Putative role of the MDM2/14-3-3α γ, ε, ζ, η, τ PPIs in p53 regulation
The cellular implications of the 14-3-3 α γ, ε, ζ, η and τ isoform interactions with MDM2 have not been explored. PIM kinases are known to be positive regulators of MDM2 activity and their overexpression is associated with an oncogenic impact on the p53 pathway45. Given the tendency for the interactions of these isoforms to be pro-survival, it is logical to propose they work in synergy with PIM to positively regulate MDM2 and promote p53 degradation. 14-3-3σ would appear to have a distinctive role as p53 protectorate and thus the potential for isoform specificity is worthy of further investigation.
14-3-3 regulation of MDMX
Mouse double minute X protein (MDMX) is a close homologue of MDM2 that also negatively regulates p53 (refs. 46,47,48). However, MDMX does not possess E3 ubiquitin ligase activity49,50. MDMX stabilises MDM2 via a direct interaction between their Really Interesting New Gene (RING) domains51,52. The resultant MDM2–MDMX hetero-complex is more effective at ubiquitinating p53 than the MDM2 homodimer and MDMX–MDM2 hetero-dimerisation is shown to be essential for p53 poly-ubiquitination53,54,55,56. The MDM2/MDMX PPI has a prominent role in p53 regulation55,57.
14-3-3 binding mode
All 14-3-3 isoforms, apart from 14-3-3σ, interact with MDMX in a phosphorylation-dependent manner as shown by a combination of cell-based mass spectrometry58, IP and WB experiments55,59. The absence of any interaction with 14-3-3σ is reported consistently across the studies reviewed here. 14-3-3 binding occurs in response to DNA damage60 and is reliant on phosphorylation at S342 by Chk2 (ref. 61) and AMPK62; and S367 by Chk1/2 (refs. 58,59) and Akt (Fig. 3b)55. These residues are located in a disordered linker region of MDMX between the Zn2+ domain and the C-terminal RING domain. MDMX is also phosphorylated at S391 and S403, but these are not implicated in 14-3-3 binding59. Mutation of 14-3-3γ K50, which is essential for interacting with phosphate moieties, abrogates MDMX binding in co-transfected HEK293 cells58. Furthermore, the competitive 14-3-3 inhibitor difopein inhibits the interaction55 which is also a strong indication of classical phosphorylation-dependent 14-3-3 binding.
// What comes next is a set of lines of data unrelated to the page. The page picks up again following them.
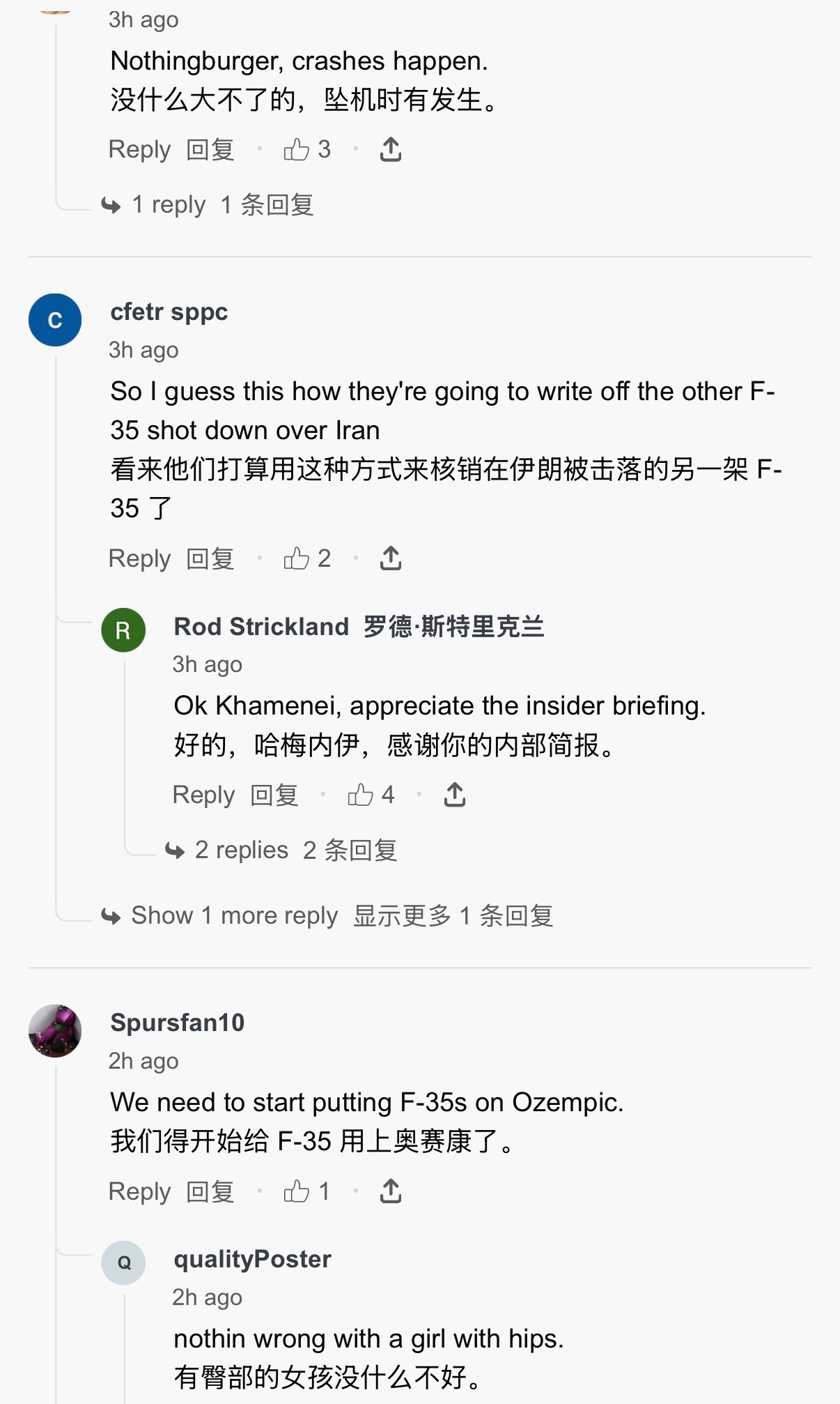 🔻TWZ评论区也认为美军今天摔的F-35“会不会是平账啊?”伊朗打击美军指挥中
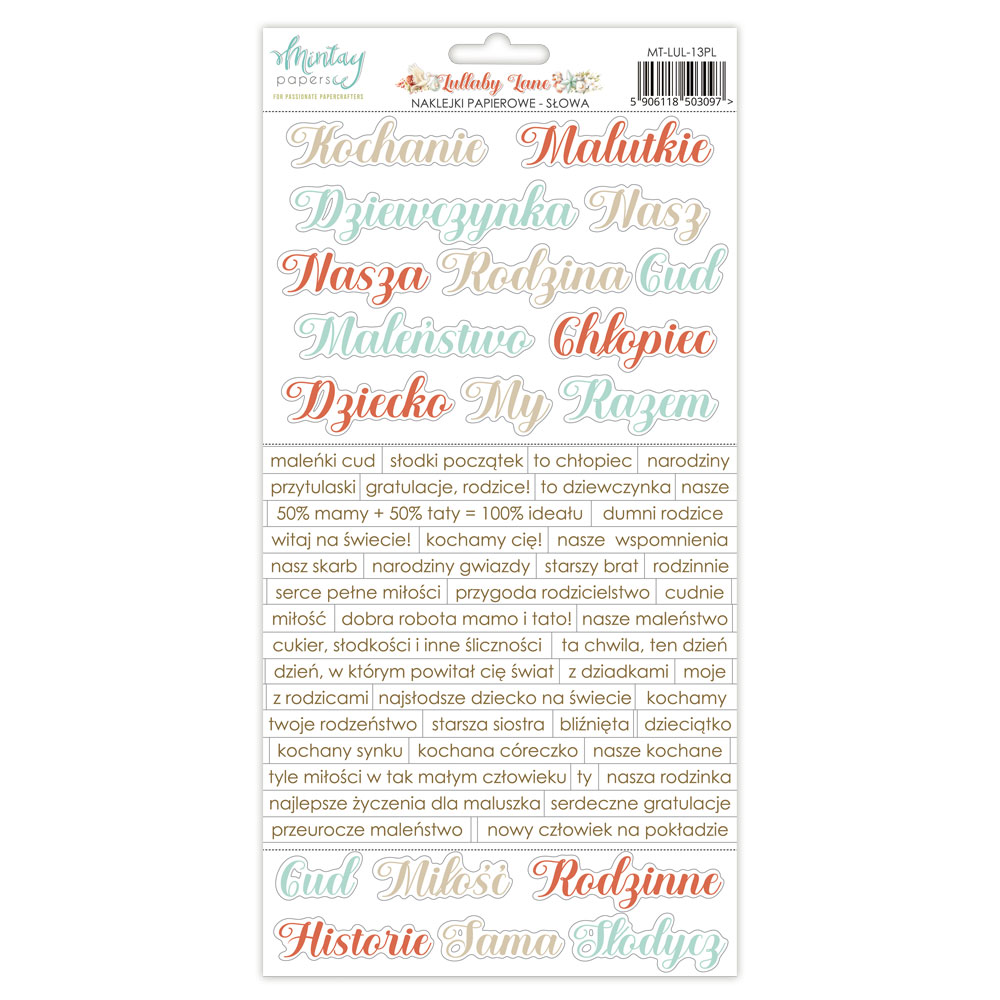 MT-LUL-13PL LULLABY LANE- MINTAY PAPERS - Naklejki - SŁOWA PL - 15,2 x 20,3 cm
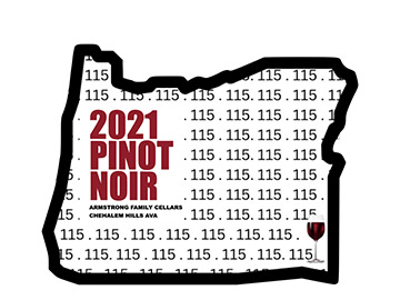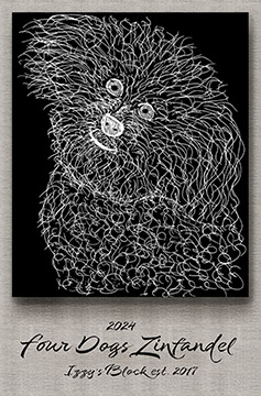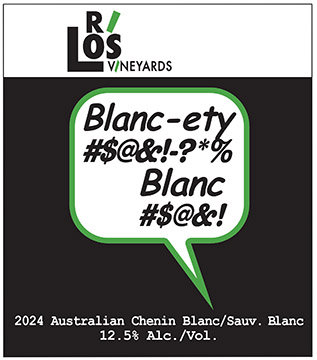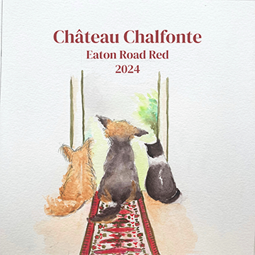 “The label was designed by my son, Drew, as a Christmas gift for me last year. This is all original artwork and the sleek, minimal design captures the view of our art-deco style house as you look uphill through the gently sloped main vineyard. We have 160 vines of mainly Syrah, Grenache, Mourvèdre and Viognier on our two-acre property, which we co-ferment into a red blend.”
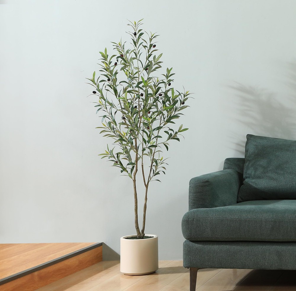 Bring nature indoors with this lifelike and realistic artificial olive tree that complements any home or office decor Easy to clean and maintain, this low-maintenance plant is perfect for busy individuals who want to enjoy the beauty of nature without the hassle of watering or pruning. The branches and trunk of artificial olive tree are expertly reinforced with a metal structure for unparalleled strength and durability.Tool-less and easy to assemble A 5 ft-tall olive tree comes with an 8.6 inch matte white planter that adds a touch of elegance to its overall design. Ideal for a variety of spaces, this artificial olive tree is perfect for your living room, bedroom, office, or any other space that needs a touch of greenery.
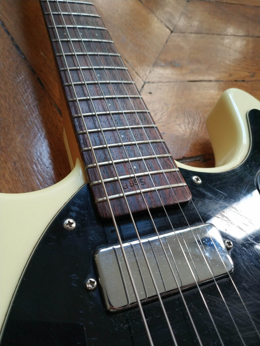 Vends Mosrite Johnny Ramone blanche (couleur qui vire plutôt sur le crème) datant début 2000 sous licence de fabrication japonaise Kurokumo et achetée aux USA. Numéro de série 3955.
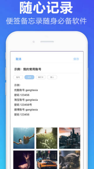 该软件最大的优点就是简单好用,而且占用的内存空间比较小,无论您是记录生活中有趣的事情,还是写笔记或者是备忘录以及消费清单均可满足,可通过多彩颜色来分类,如果不想让自己记录的内容被他人发现,也可加密,支持语音输入,在记录过程中可插入自己喜欢的照片。
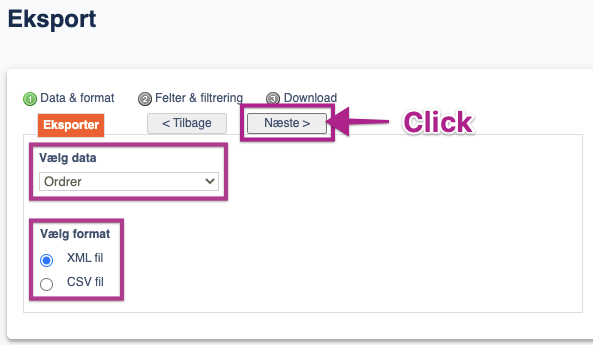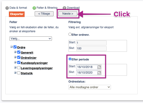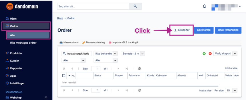 Navigate to Ordrer -> Alle ordrer and click Eksportér.
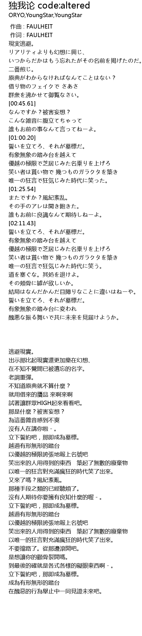 | [02:22.50] | 以優越的極限誇張地報上名號吧 |
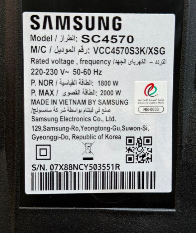 ویژگی هی جاروبرقی مخزندار سامسونگ مدل SC4570 :
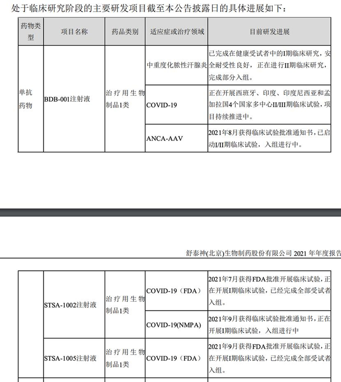 新冠肺炎疫情发生后,舒泰神单抗药物管线围绕补体系统,形成了以新冠重症治疗为核心的研发管线,在研项目 BDB-001、STSA-1002、STSA-1005均展开针对新冠重症治疗的临床研究。
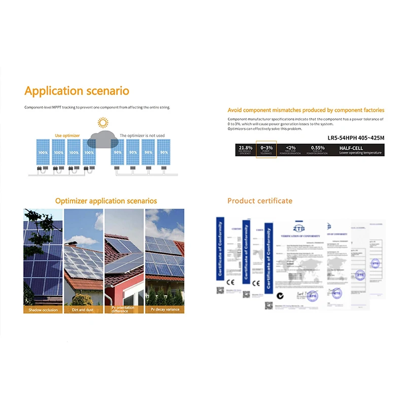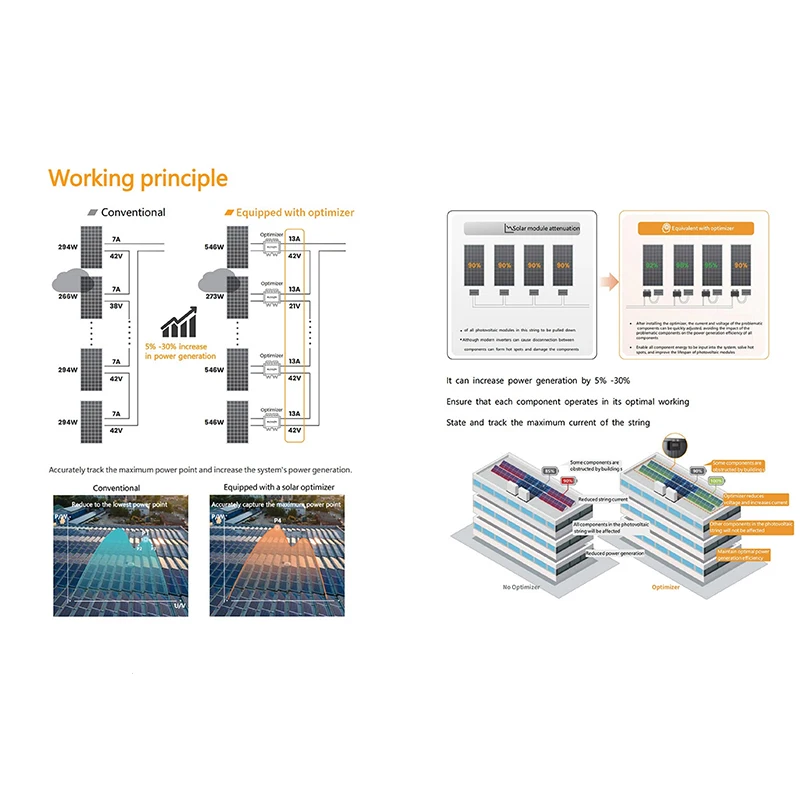 [lmprove Efficacité] Les optimiseurs solaires sont principalement utilisés pour optimiser la puissance de sortie des panneaux solaires photovoltaïques pour garantir que le système peut fonctionner l’efficacité anaximum.L’optimiseur solaire peut augmenter manière significative la production d’énergie du système par 5-25%
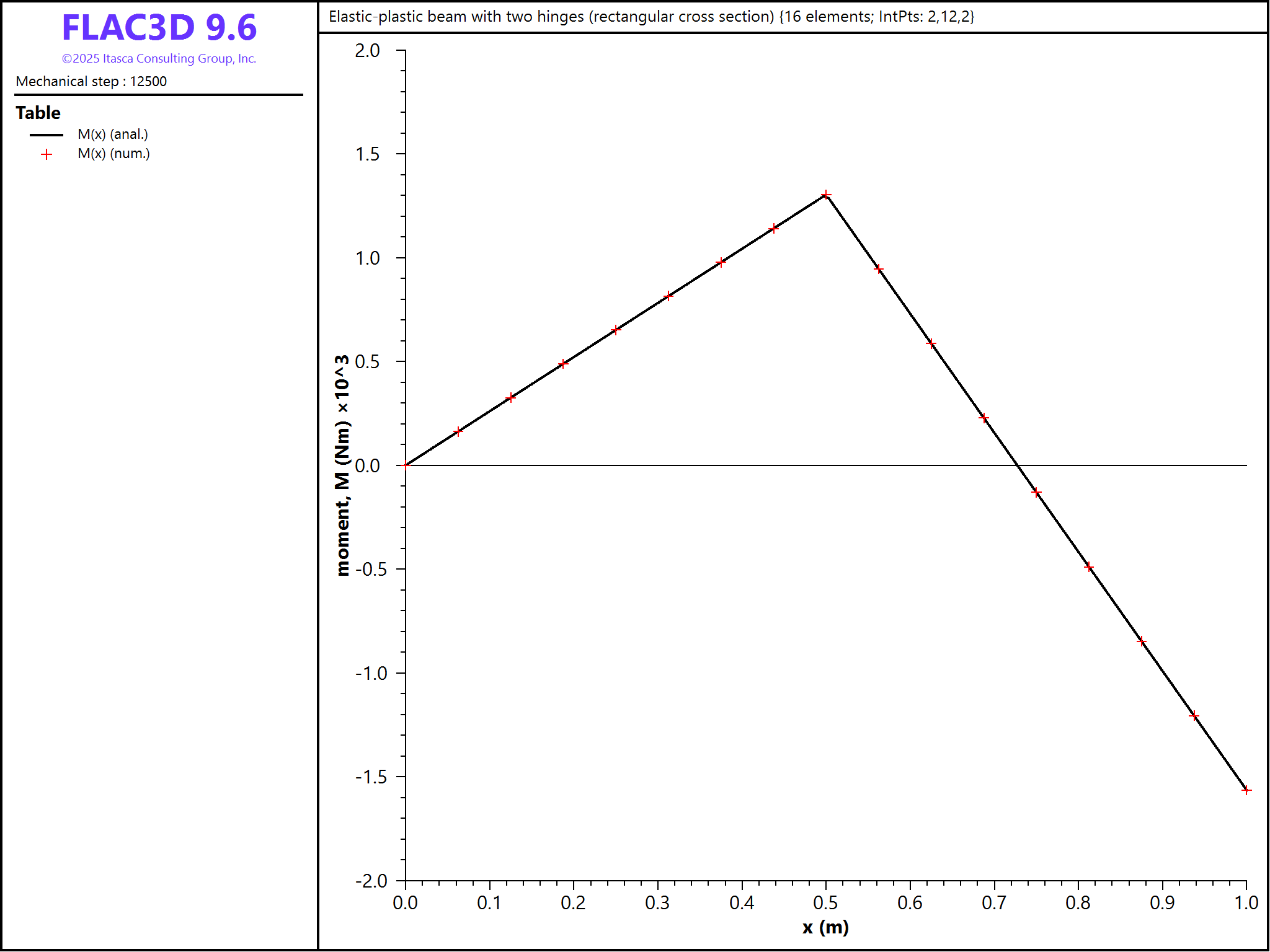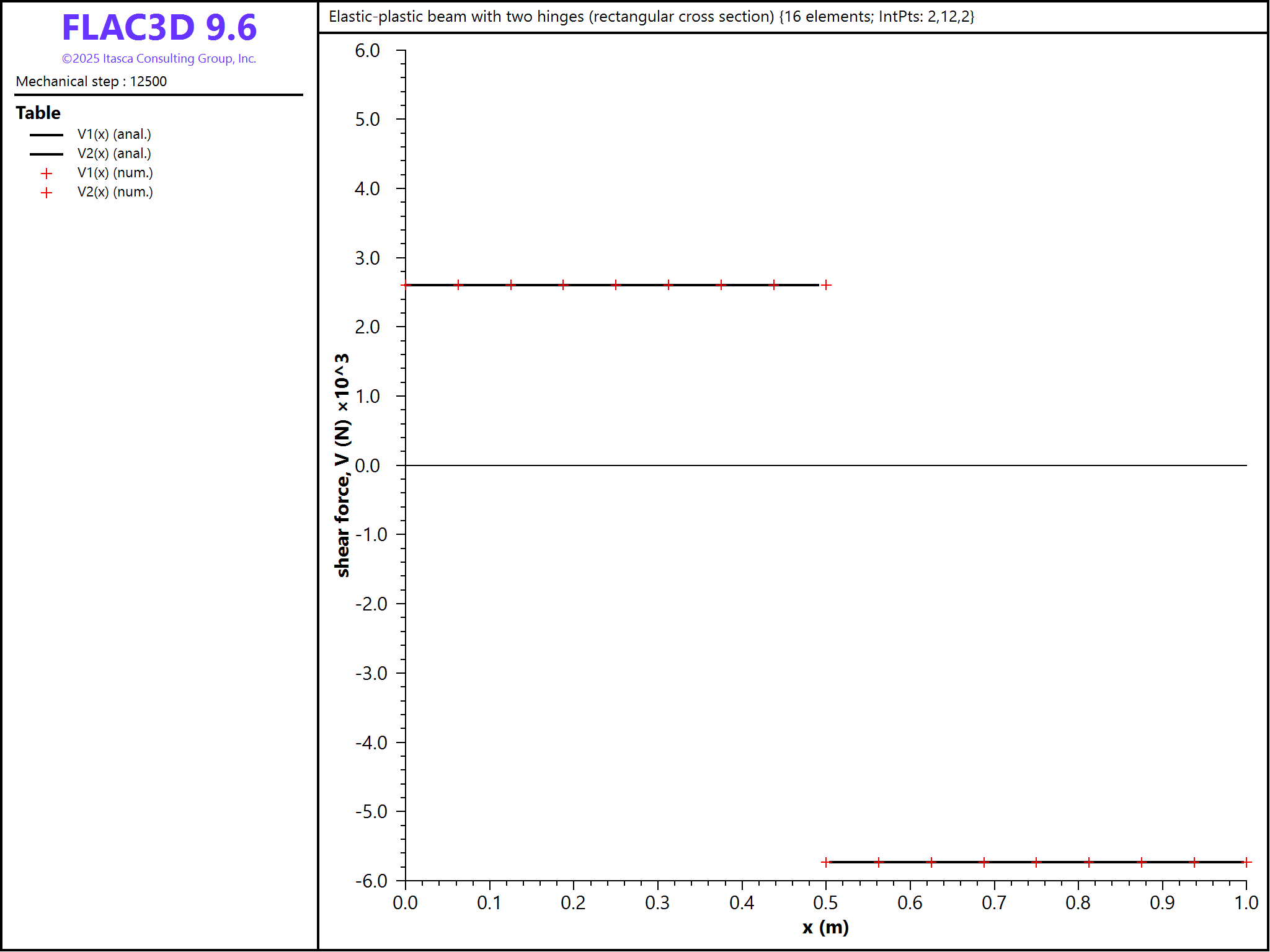 We consider a beam in which two plastic hinges form before collapse, and demonstrate how the numerical model matches: (1) the lateral deflection, shear-force and bending-moment distributions before any yielding has occurred; (2) the evolving response sketched in Figure 1 at each hinge location; and (3) the analytical collapse load.
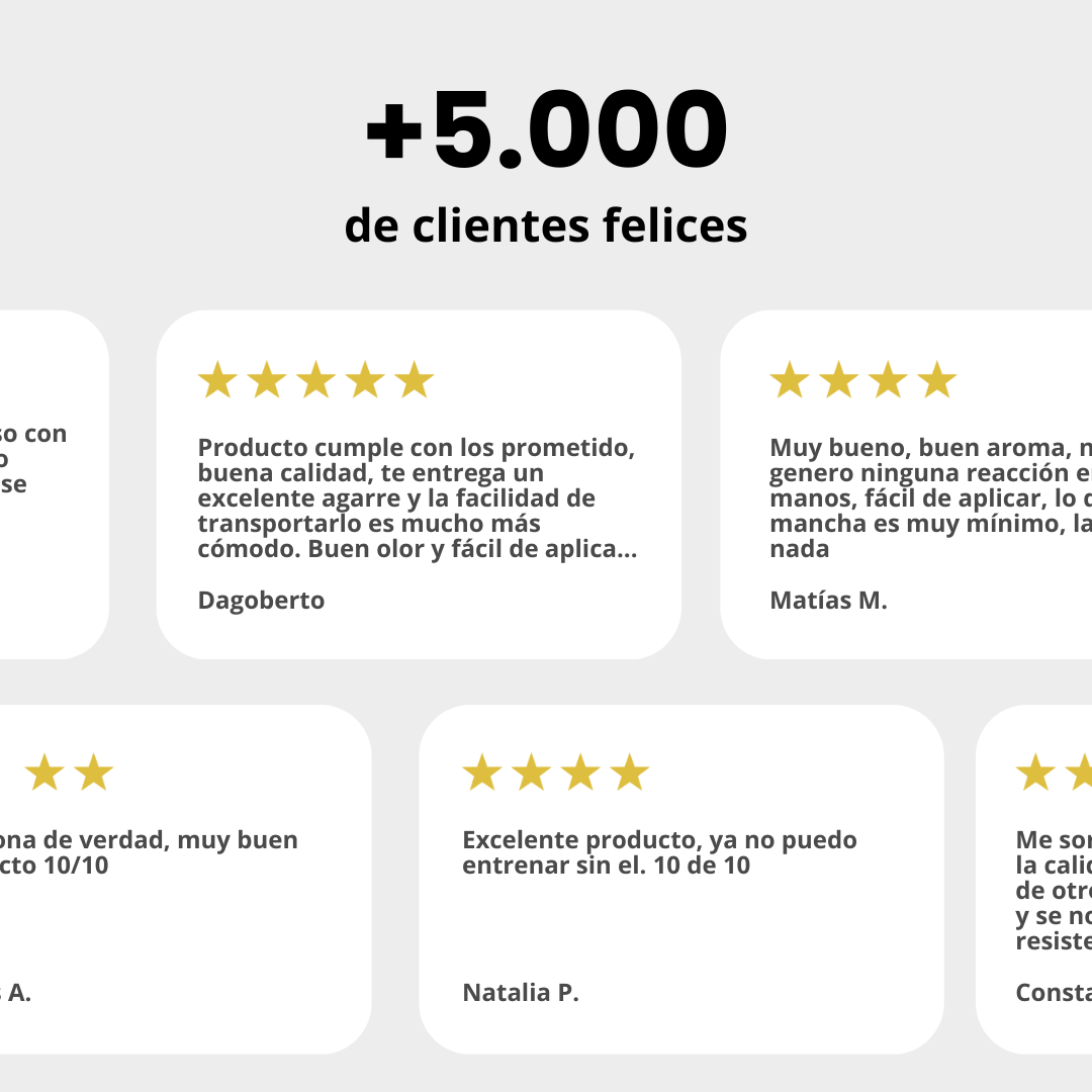 Elimina el sudor de tus manos y mejora tu agarre como nunca antes, permitiéndote hacer entre 1-2 repeticiones más y levantar un par de kg más. (Úsalo especialmente en días de espalda, después me lo agradeces)

MDMX S367 lies within a classical 14-3-3 mode 1/2-binding motif (DCRRTIpSAPVV) and is the most important phosphorylation site for its interaction with 14-3-3 (Fig. 3b). This has been demonstrated in a number of binding studies whereby mutation of this residue abrogates 14-3-3 binding in a number of cell lines: HEK293 (refs. 55,58), H129 (refs. 59,62) and wt mouse embryo fibroblasts62. These observations have been confirmed by proteomic analyses55. In addition, synthetic phosphopeptides that mimic the S367-binding motif have been used to perform in vitro pull-down experiments59 and displacement assays58 that corroborate the cell data. P369 is also an important element of the 14-3-3 consensus motif, and mutation of this residue leads to a reduced interaction in cellular binding experiments58,59.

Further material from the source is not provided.